2009年02月03日(火) 13時21分
日銀が銀行保有株買い取りを再開、2010年4月末まで総額1兆円(ロイター)
[東京 3日 ロイター] 日銀は3日、金融機関保有株式の買い入れを再開すると発表した。株価下落により、金融機関の株式保有リスクが高まっていることから、年度末を控えたこの時期に買い入れを再開することで、金融システムの安定確保に向け全力を挙げる。
月内の実施を目指す。
3日開催の政策委員会・通常会合で決定した。
買入総額は1兆円。買入期間は2010年4月末までとし、2012年3月末まで市場売却しない。対象株式は発行企業の格付けがBBB─(トリプルBマイナス)格相当以上で、取引所における売買成立日数が年間200日以上あり、かつ売買累積額が年間200億円以上のものに限定する。

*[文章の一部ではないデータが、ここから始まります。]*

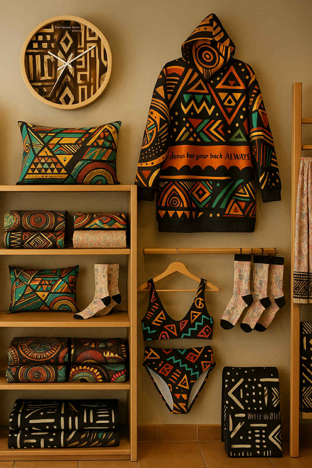 We sell African inspired artwork with biblical verses & quotes on various items like car seat covers, canvas prints, blankets and more to come.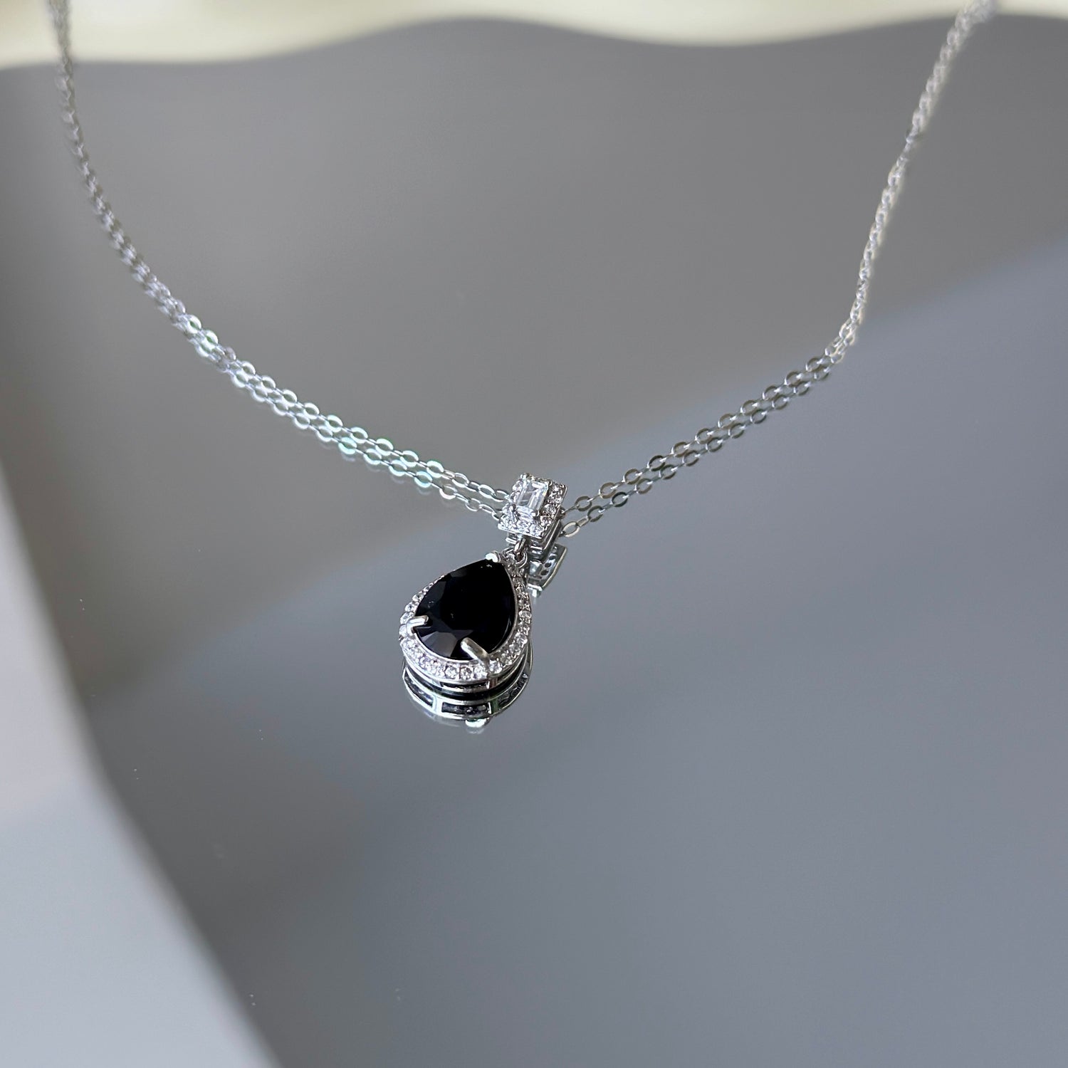 This Natural Black Spinel Silver Necklace features a beautifully cut teardrop-shaped black spinel center, accentuating its unique shape.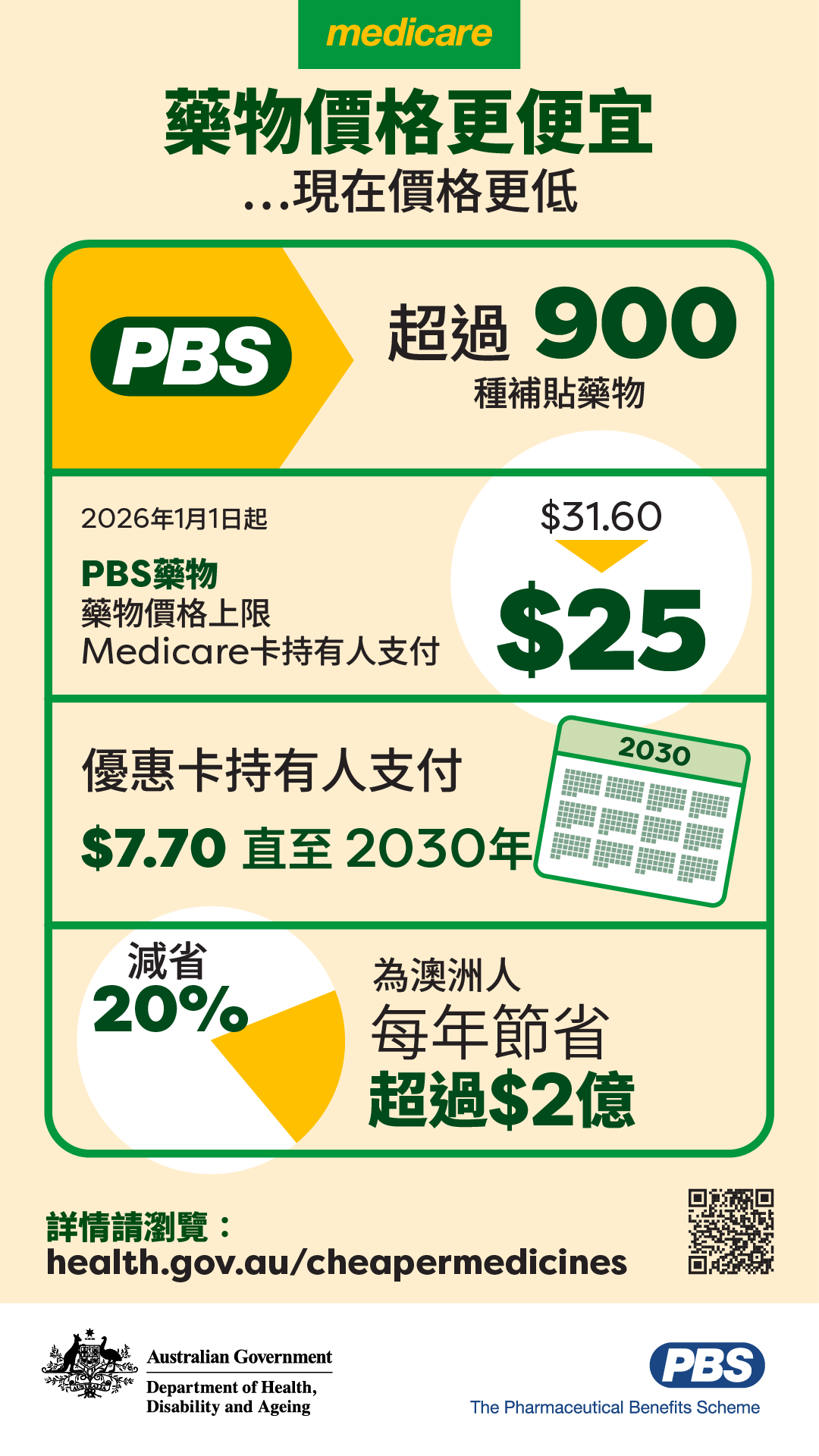 本資訊圖表重點介紹PBS 藥物費用的改變,包括將 Medicare 卡持有人的共付費用下調至$25,並將優惠卡持有人的共付費用凍結至 2030 年,適用於 900 多種補貼藥物。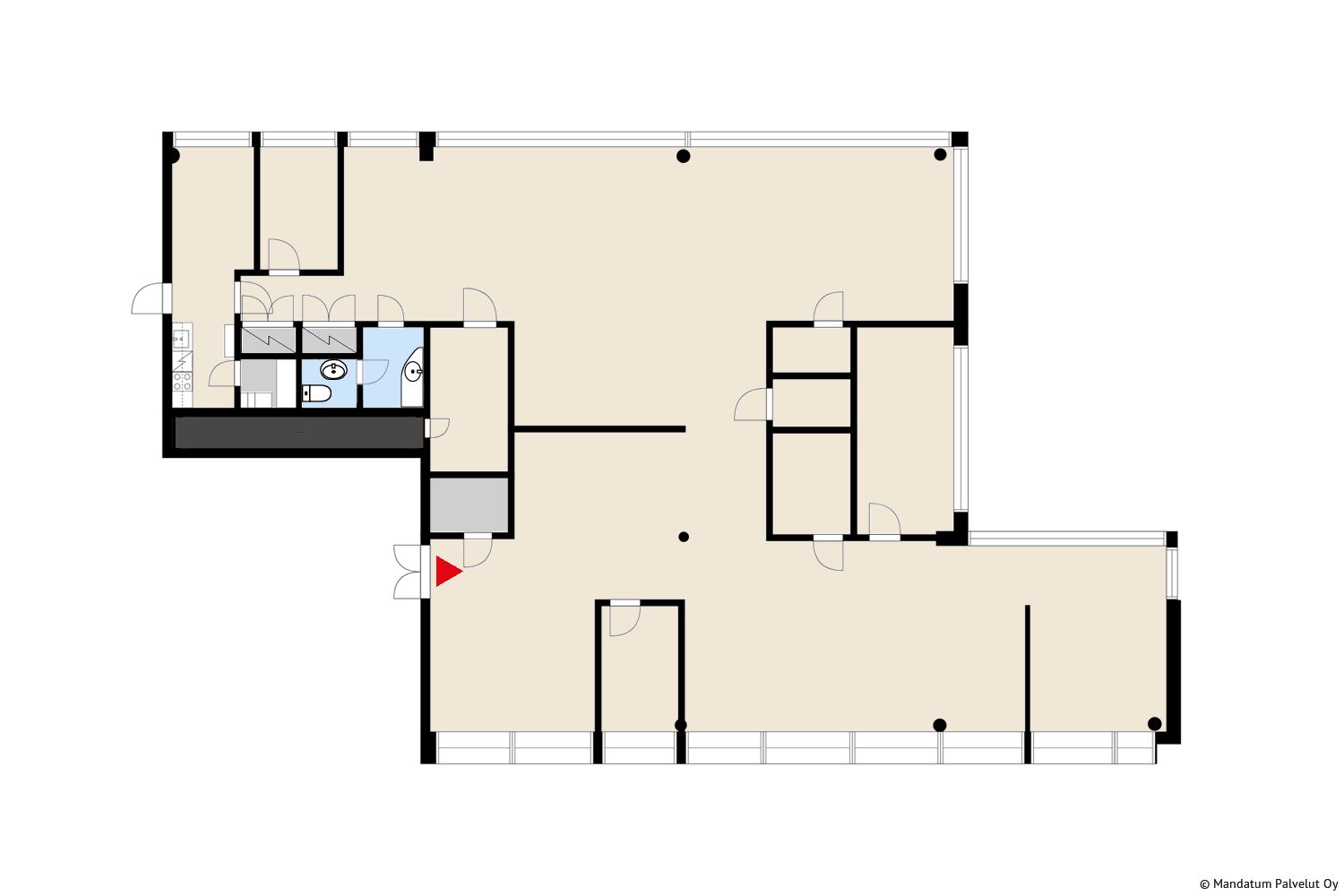 Tilan ominaisuudet: tilassa on ilmastointi, avo-/kombitoimisto
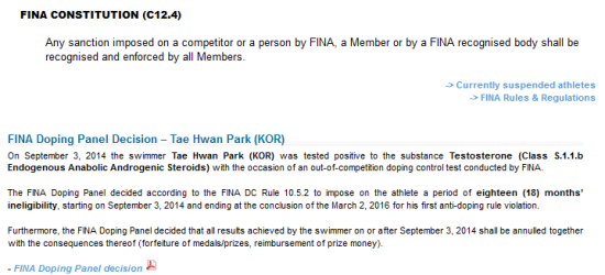据外媒报道,这场决定昔日韩国民族英雄命运的听证会持续了四个多小时,随后在国际泳联的官方网站上公布了对他的处罚结果:根据国际泳联反兴奋剂相关条例10.5.2,决定对朴泰桓做出为期18个月的禁赛,禁赛时间从2014年9月3日开始到2016年3月2日结束。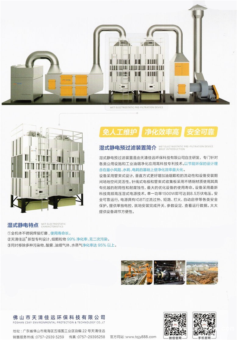 佛山市天清佳遠環保科技有限公司專業研發生產高低空排放餐飲油煙凈化器、工業油煙凈化器、工業廢氣凈化器,VOC有機廢氣除臭設備,設備廣泛應用于酒店餐館,食品加工,皮革紡織,印染印刷,橡膠塑料,噴漆油霧等行業油煙廢氣臭氣的處理。企業嚴格遵循6S標準生產流程和GT系統化管理。

対象金融機関は日銀当座預金取引先銀行のうち、1)株式等保有額が自己資本(Tier1)の5割を超える先、もしくは株式等保有額が5000億円を超える先、2)自己資本比率規制上、国際統一基準を採用している先──のいずれか。金融機関ごとの買入上限は2500億円。
日銀はこれまで、銀行の株式保有リスクの削減という観点から、関与し得る手立てがあるかどうかについて慎重に検討してきたが、「国際金融資本市場における緊張の持続が、株価の下落や信用コストの高まり等を通じて、資金仲介機能と金融機関経営の両面に大きな影響を及ぼしている」と判断、買い入れ再開に踏み切った。
ただ、実際に利用されるかどうかは不透明だ。亀崎英敏審議委員は昨年12月25日の会見で「現時点での金融機関の株式保有スタンスをうかがうと、日銀による株式買い入れ再開を利用して、保有株式を売却したいとの具体的なニーズはあまり聞かれていない」と発言している。